SchmidhuberAI's tweet photo. Who Invented Transformer Neural Networks (the T in ChatGPT)? Timeline of Transformer evolution https://t.co/7EJPAnRKvI

★ 1991. Original tech report on what's now called the unnormalized linear Transformer (ULTRA)[FWP0][ULTRA]. KEY/VALUE was called FROM/TO. ULTRA uses outer product rules to associate its self-invented KEYs/VALUEs through fast weights [FAST][FWP], and applies the resulting context-dependent attention mappings to incoming queries. ULTRA's computational costs scale linearly in input size, that is, for 1,000 times more text we need 1,000 times more compute, which is acceptable. Like modern quadratic Transformers (see below), the 1991 ULTRA is highly parallelizable. It was a by-product of more general research on neural networks (NNs) that learn to program fast weight changes of other NNs [FWP,FWP0-9,FWPMETA1-10], back then called fast weight controllers [FWP0] or fast weight programmers (FWPs) [FWP]. ULTRA was presented as an alternative to recurrent NNs [FWP0]. The 1991 experiments were similar to today's: predict some effect, given a sequence of inputs [FWP0].
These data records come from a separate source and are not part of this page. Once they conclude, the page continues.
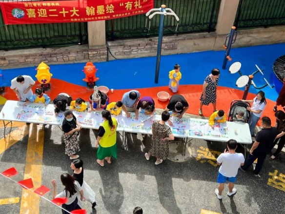 国庆节即将到来,为扎实开展爱国主义教育,进一步提升青少年的文明素养,引导青少年成为“浙江有礼 和在长兴”的传承者、践行者,9月25日,长兴县龙山街道双拥社区联合玫瑰园小区业委会及“平安物业”,组织辖区老人与孩子,开展了“喜迎二十大、翰墨绘‘有礼’”为主题的五米长卷绘画活动。
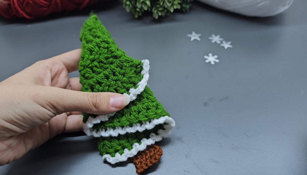 Toward the end, you switch to brown yarn to form the trunk, fasten off, and weave in the yarn ends neatly. Optional touches, such as small beads, sequins, or a tiny star on top, can add festive detail and make the tree even more visually appealing.
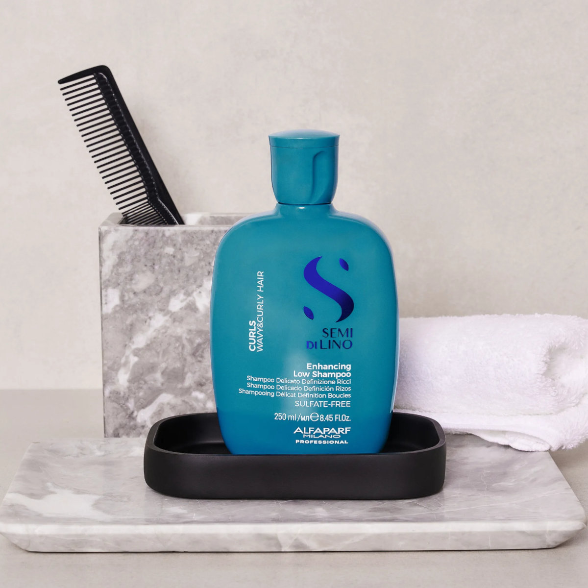 Το Alfaparf Milano Semi di Lino Curls Enhancing Low Shampoo 250ml καθαρίζει απαλά τα μαλλιά και χαρίζει σώμα και δομή στα σπαστά και σγουρά  μαλλιά.
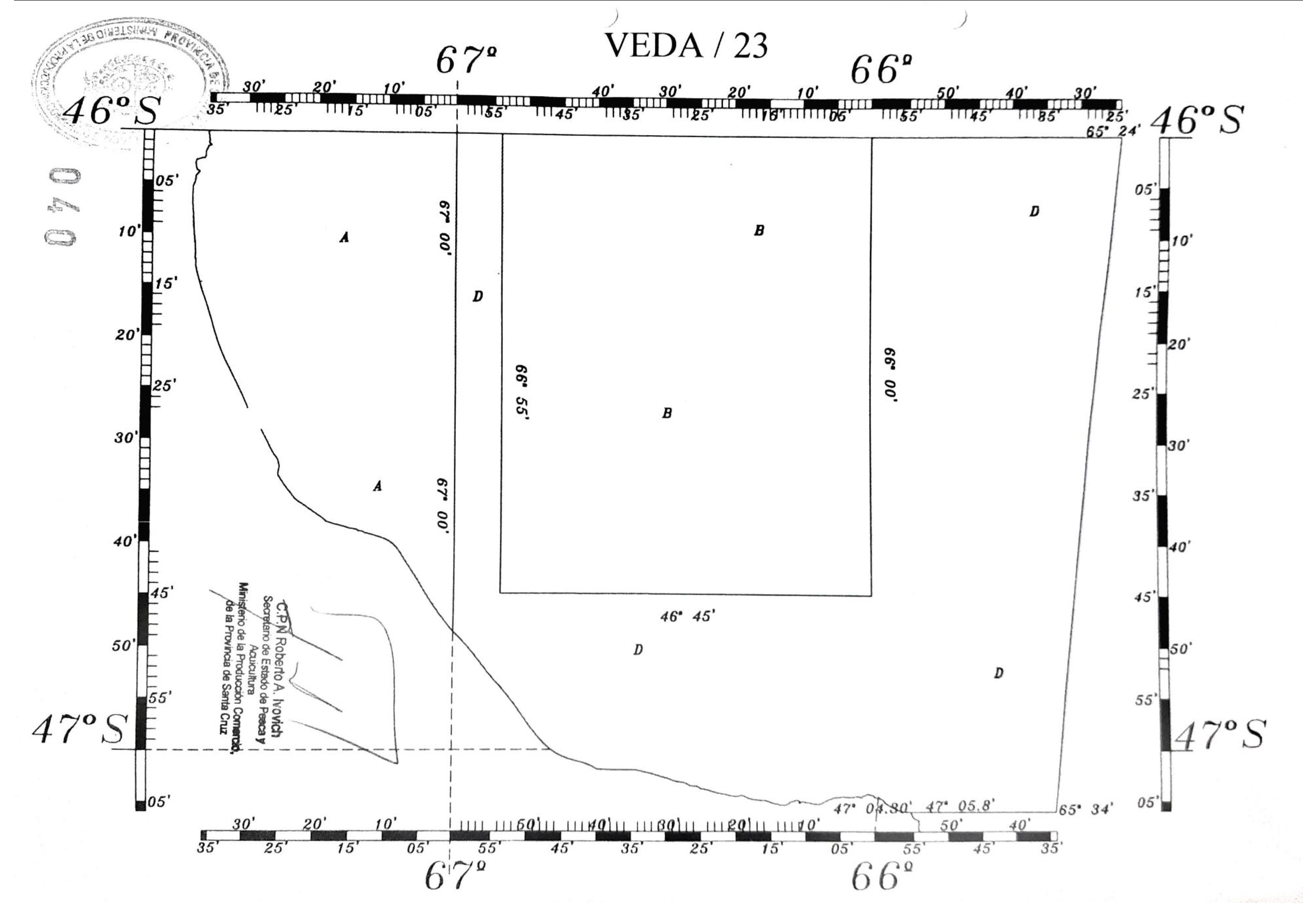Latitud 47º 05,80' S Longitud 65º 34,00' W (límite de jurisdicción provincial) y los puntos que delimitan las 12 millas de jurisdicción provincial al sur de la latitud 47º S (Ley Nacional Nº 23.968).-
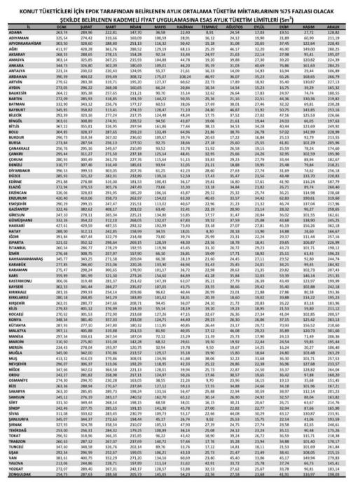 Limitler, illerin 12 aylık ortalama doğalgaz tüketim verilerine göre hesaplandı. Bu nedenle her ilde uygulanacak sınırlar farklılık gösterecek.
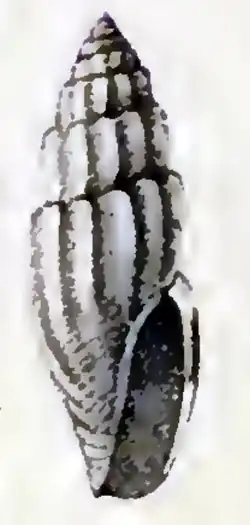 The solid, gradated shell has an ovate shape. It is white with a smoky black spiral dorsal band, most conspicuous just behind the outer lip. It contains 8 whorls, impressed at the suture. The teleoconch shows a few rectilineal ribs, of which 12 in the body whorl. The aperture is narrow and oblong. The outer lip is simple (juvenile). The white columella is rather straight [3]
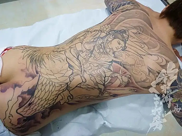 Наиболее бросающаяся в глаза черта японской татуировки – это ее обширность. Татуировка, которая последовательно на протяжении нескольких лет выполнялась человеку, могла привести к возникновению композиции в форме «кимоно» или «распахнутого плаща». Такая татуировка носит название полной и плотно покрывает торс, оставляя незаполненным пространство по центру груди и живота. В верхней части она достигает локтей, заполняя предплечья, в нижней заканчивается на бедрах.
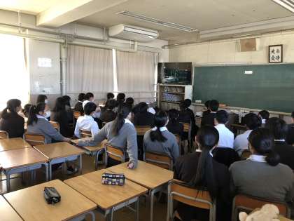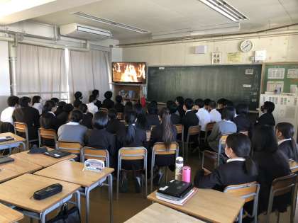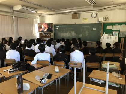 今日は総合の時間に、映画「さとうきび畑の唄」を鑑賞しました。全員が顔を上げ、熱心に見入っていました。映画の中で「戦争は何も解決しない。戦争のせいでたくさんの人たちが家族を失う。愛する人と離れ離れになる。みんなは生きて戦争のない国をつくってほしい」という言葉がありました。命の大切さ、なんのために生きるのかを考えることができました。

★ 1992. Journal publication on ULTRA [FWP1], based on the 1991 tech report. Note that the terminology was different back then.

★ 1993. Recurrent ULTRA extension [FWP2] introducing the terminology of learning "internal spotlights of attention."

★ 2014. End-to-end sequence-to-sequence models [S2Sa,b,c,d] became popular for Natural Language Processing. They were not based on the 1991 unnormalized linear Transformer [ULTRA] above, but on the Long Short-Term Memory (LSTM) recurrent NN from the same lab. In 2014, this approach was combined with an attention mechanism [ATT14] that isn't linearized like the 1991-93 attention [FWP0-2] but includes a nonlinear softmax operation. The first Large Language Models (LLMs) were based on such LSTM-attention systems. See additional work on attention from 2016-17 [ATT16a-17b].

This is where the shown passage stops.